**GIVEN INFORMATION:**
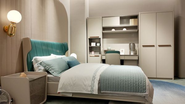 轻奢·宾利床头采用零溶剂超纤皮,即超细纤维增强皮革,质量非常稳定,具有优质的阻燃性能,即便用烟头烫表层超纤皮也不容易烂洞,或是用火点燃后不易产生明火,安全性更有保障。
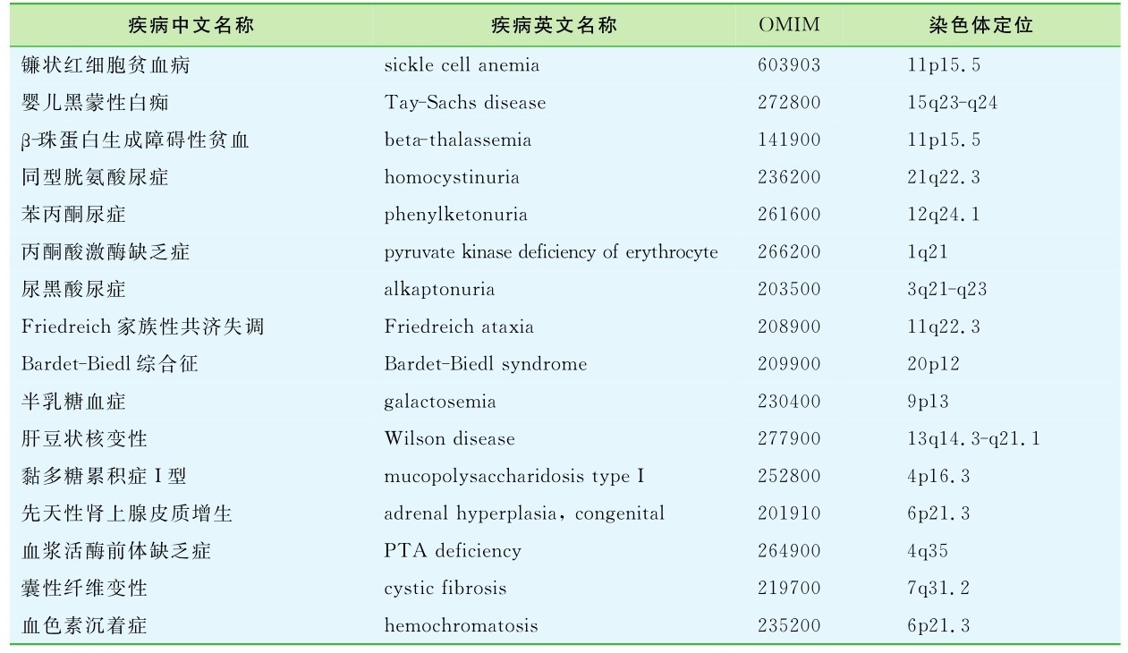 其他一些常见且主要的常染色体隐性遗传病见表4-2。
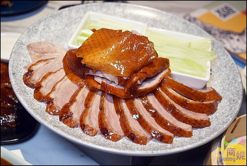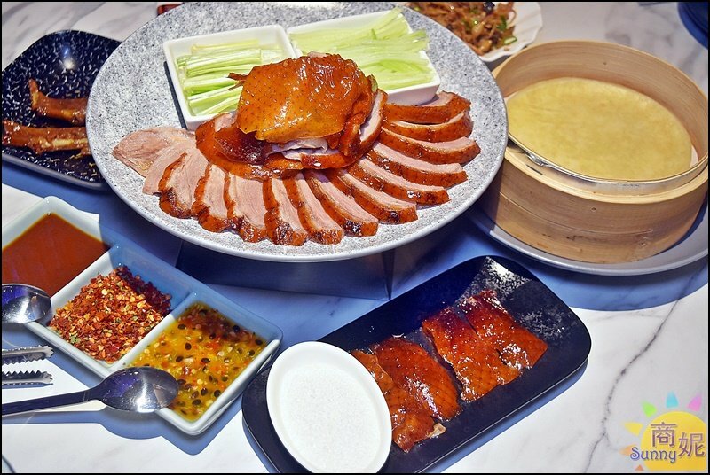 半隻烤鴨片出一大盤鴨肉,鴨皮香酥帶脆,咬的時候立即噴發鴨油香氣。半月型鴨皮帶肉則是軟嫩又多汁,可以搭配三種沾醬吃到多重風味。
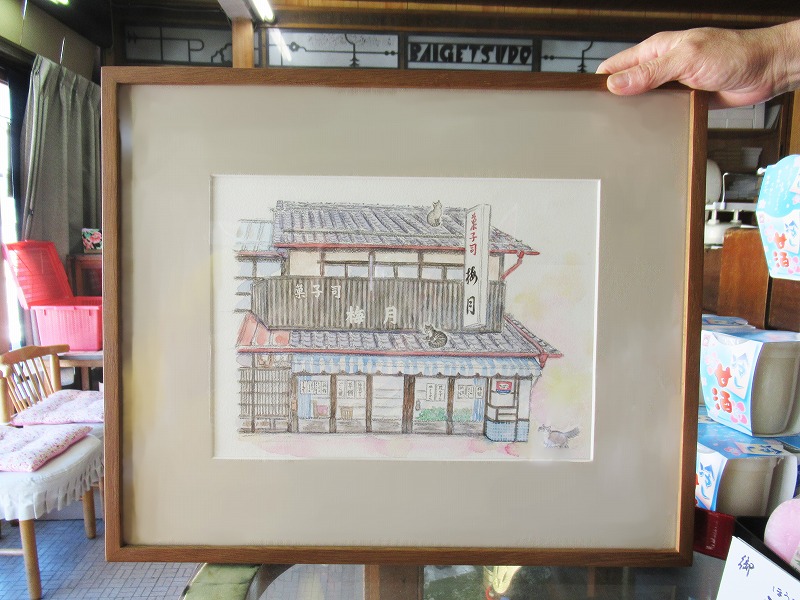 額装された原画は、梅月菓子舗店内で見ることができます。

**WORK TO COMPLETE:**
Across all the lines above, repeat the wording exactly and omit the pictures.

**RESPONSE FOR THIS EXERCISE:**
 轻奢·宾利床头采用零溶剂超纤皮,即超细纤维增强皮革,质量非常稳定,具有优质的阻燃性能,即便用烟头烫表层超纤皮也不容易烂洞,或是用火点燃后不易产生明火,安全性更有保障。
 其他一些常见且主要的常染色体隐性遗传病见表4-2。
 半隻烤鴨片出一大盤鴨肉,鴨皮香酥帶脆,咬的時候立即噴發鴨油香氣。半月型鴨皮帶肉則是軟嫩又多汁,可以搭配三種沾醬吃到多重風味。
 額装された原画は、梅月菓子舗店内で見ることができます。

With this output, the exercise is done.